Data extract:

▼▼▼

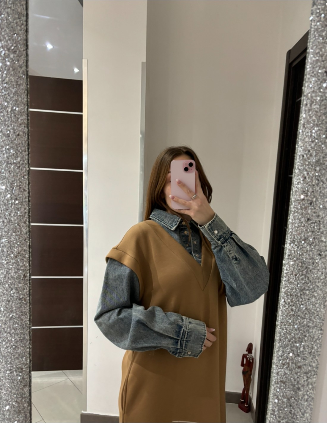 Abito corto in tessuto scuda e jeans Twinset, con colletto e scollatura a V, manica lunga con polsini e bottoncini, placchetta logo in metallo sul retro.
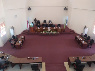 | Foto suasana persidangan penyampaian LKPJ 2018 di ruang paripurn DPRD Halbar Rabu,10/4/2019 |
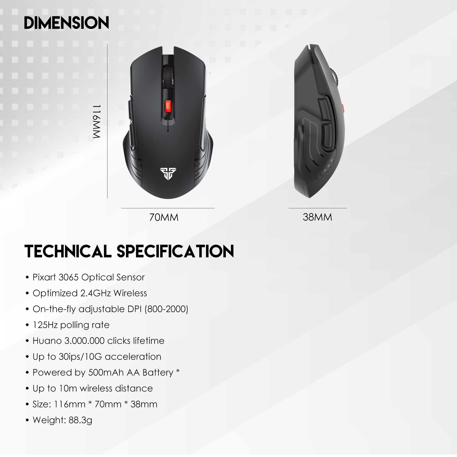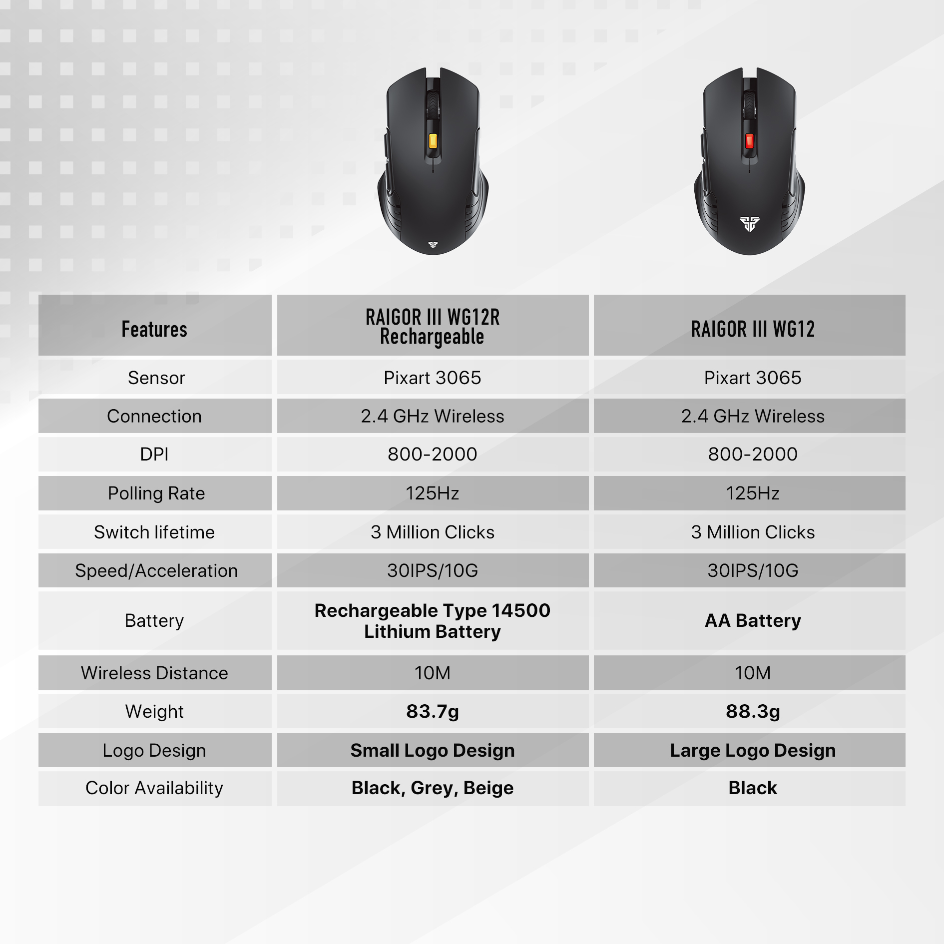 FANTECH RAIGOR III WG12 Stable 2.4Ghz Connection Wireless Mouse 2000 DPI Pixart Sensor Ambidextrous Design Portable Mice For Laptop PC Computer Gaming Gamer

▲▲▲

Task prompt:
An exact restatement is expected of the lines from the line containing "Halbar Rabu,10/4/2019 |" to the end of the data above, pictures excluded.

Result of the exercise:
 | Foto suasana persidangan penyampaian LKPJ 2018 di ruang paripurn DPRD Halbar Rabu,10/4/2019 |
 FANTECH RAIGOR III WG12 Stable 2.4Ghz Connection Wireless Mouse 2000 DPI Pixart Sensor Ambidextrous Design Portable Mice For Laptop PC Computer Gaming Gamer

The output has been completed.